Closing the skills gap
According to a survey conducted by the ACCA in 2019, 62% of respondents who were ACCA members and affiliates – upon being asked about their knowledge of any given relevant term, such as artificial intelligence, machine learning, natural language processing, data analytics, and robotic process automation – had either not heard of the term, or had heard of it but did not know the meaning, or possessed only a rudimentary understanding. Only 13% of respondents said they possessed a “high” or “expert level” of understanding of the above terms. Technology upskilling must increasingly be seen as a must if firms want to give full play to the potential that the various innovative technologies offer. Audit teams would need to be well-versed in their operation and maintenance. It follows, then, that if auditors are re-assigned to concentrate more on higher-value tasks which demand a different skillset, training would also need to be given to hone their, for example, communication, leadership, analytical, problem-solving, and creative-thinking skills as well as professional scepticism.

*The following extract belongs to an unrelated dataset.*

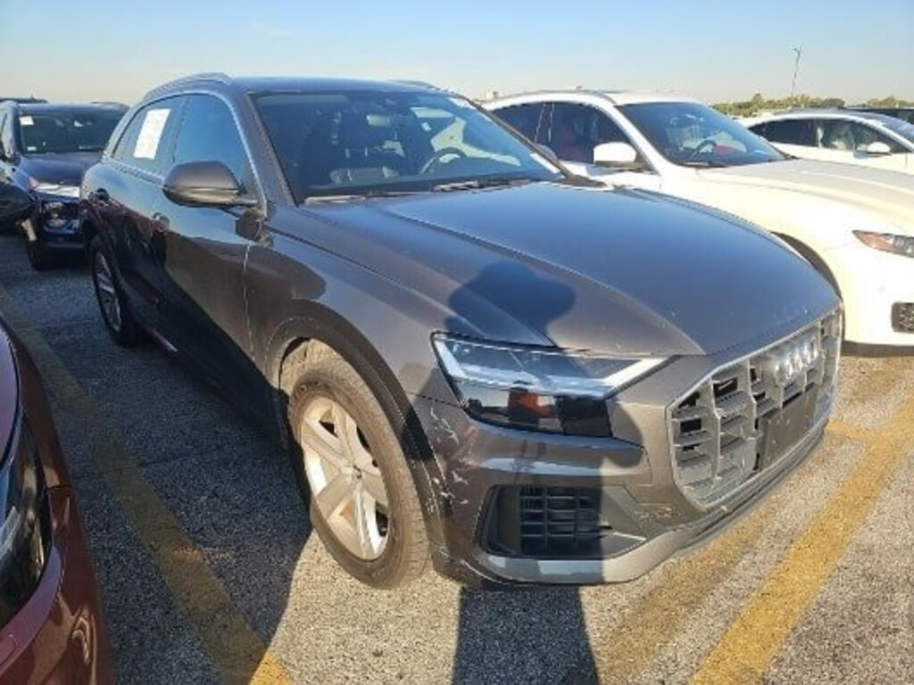 Priced below KBB Fair Purchase Price! Samurai Gray Metallic 2019 Audi Q8 3.0T Premium quattro quattro 8-Speed Automatic with Tiptronic 3.0L V6 Turbocharged DOHC 24V LEV3-ULEV125 335hp Audi Phone Box w/Wireless Charging, Audi Side Assist w/Pre Sense Rear, Cold Weather Package, Convenience Package, Heated Power Folding Auto-Dimming Exterior Mirrors, Heated Rear Seats, Heated Steering Wheel, Towing Package. Cold Weather Package (Heated Rear Seats and Heated Steering Wheel), Convenience Package (Audi Phone Box w/Wireless Charging, Audi Side Assist w/Pre Sense Rear, and Heated Power Folding Auto-Dimming Exterior Mirrors), Towing Package, 10 Speakers, 4-Wheel Disc Brakes, ABS brakes, Adaptive suspension, Air Conditioning, Alloy wheels, AM/FM radio: SiriusXM, Audi smartphone interface (Apple CarPlay/Android Auto), Auto-dimming Rear-View mirror, Automatic temperature control, Axle Ratio: TBA, Black Cloth Headliner, Brake assist, Bumpers: body-color, Compass, Delay-off headlights, Driver door bin, Driver vanity mirror, Dual front impact airbags, Dual front side impact airbags, Electronic Stability Control, Emergency communication system: Audi connect CARE, Exterior Parking Camera Rear, Four wheel independent suspension, Front & Rear Doors Audi Beam-Rings, Front anti-roll bar, Front Bucket Seats, Front Center Armrest, Front dual zone A/C, Front fog lights, Front reading lights, Fully automatic headlights, Garage door transmitter: HomeLink, Genuine wood door panel insert, Heated door mirrors, Heated Front Bucket Seats, Heated front seats, High-Gloss Gray Oak Wood Inlays, Illuminated entry, Leather Seating Surfaces, Leather Shift Knob, Leather steering wheel, Low tire pressure warning, Memory seat, Navigation System, Occupant sensing airbag, Outside temperature display, Overhead airbag, Overhead console, Panic alarm, Passenger door bin, Passenger vanity mirror, Power door mirrors, Power driver seat, Power Liftgate, Power moonroof, Power passenger seat, Power steering, Power windows, Radio data system, Radio: Audi MMI Navigation Plus w/Touch Response, Rain sensing wipers, Rear air conditioning, Rear anti-roll bar, Rear fog lights, Rear reading lights, Rear seat center armrest, Rear window defroster, Rear window wiper, Remote keyless entry, Roof rack: rails only, Security system, Speed control, Speed-sensing steering, Split folding rear seat, Spoiler, Steering wheel memory, Steering wheel mounted audio controls, Tachometer, Telescoping steering wheel, Tilt steering wheel, Traction control, Trip computer, Turn signal indicator mirrors, Variably intermittent wipers, and Wheels: 20" 5-Spoke.

Technology: More of a friend than a foe
Disruptive technologies have heralded a new age where it has become imperative to view artificially intelligent machines and the likes thereof as a friend than a foe, for they enable auditors to deliver even more robust assurance to their clients. The future of audit will still have human auditors at its core, with machines being an indispensable and hardworking helping hand. It is the partnership between emerging technologies and the cognitive capabilities, judgment and professional expertise of the human auditor that will ultimately create high value-added assurance. Whether the dynamics of the partnership might change for the worse when artificial intelligence is able to supersede human intelligence, is, however, anyone’s guess.